Instruction for the data below: set down exactly the lines from the line with "煉金的金寶箱最低刷到第九次也" to the line with "20210607 USDCHF-午间 by", inclusive, and no others.

_Data supplied_
_____

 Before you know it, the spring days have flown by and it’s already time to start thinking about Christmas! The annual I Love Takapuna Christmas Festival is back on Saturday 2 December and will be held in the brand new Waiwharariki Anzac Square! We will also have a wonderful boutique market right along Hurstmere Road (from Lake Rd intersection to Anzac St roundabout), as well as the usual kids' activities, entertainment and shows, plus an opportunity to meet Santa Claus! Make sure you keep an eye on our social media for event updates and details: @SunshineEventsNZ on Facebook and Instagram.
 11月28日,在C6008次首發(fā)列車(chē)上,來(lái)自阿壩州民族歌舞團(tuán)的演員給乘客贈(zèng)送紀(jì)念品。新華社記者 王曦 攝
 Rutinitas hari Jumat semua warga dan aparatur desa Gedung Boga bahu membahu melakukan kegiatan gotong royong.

_____

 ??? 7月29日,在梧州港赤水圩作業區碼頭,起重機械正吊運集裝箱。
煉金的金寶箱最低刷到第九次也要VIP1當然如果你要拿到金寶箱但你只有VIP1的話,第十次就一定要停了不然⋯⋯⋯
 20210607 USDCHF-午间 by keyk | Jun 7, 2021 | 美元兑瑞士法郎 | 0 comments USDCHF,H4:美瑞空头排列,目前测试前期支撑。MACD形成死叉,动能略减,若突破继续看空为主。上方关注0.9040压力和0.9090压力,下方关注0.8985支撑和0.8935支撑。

_____

_Answer space_
煉金的金寶箱最低刷到第九次也要VIP1當然如果你要拿到金寶箱但你只有VIP1的話,第十次就一定要停了不然⋯⋯⋯
 20210607 USDCHF-午间 by keyk | Jun 7, 2021 | 美元兑瑞士法郎 | 0 comments USDCHF,H4:美瑞空头排列,目前测试前期支撑。MACD形成死叉,动能略减,若突破继续看空为主。上方关注0.9040压力和0.9090压力,下方关注0.8985支撑和0.8935支撑。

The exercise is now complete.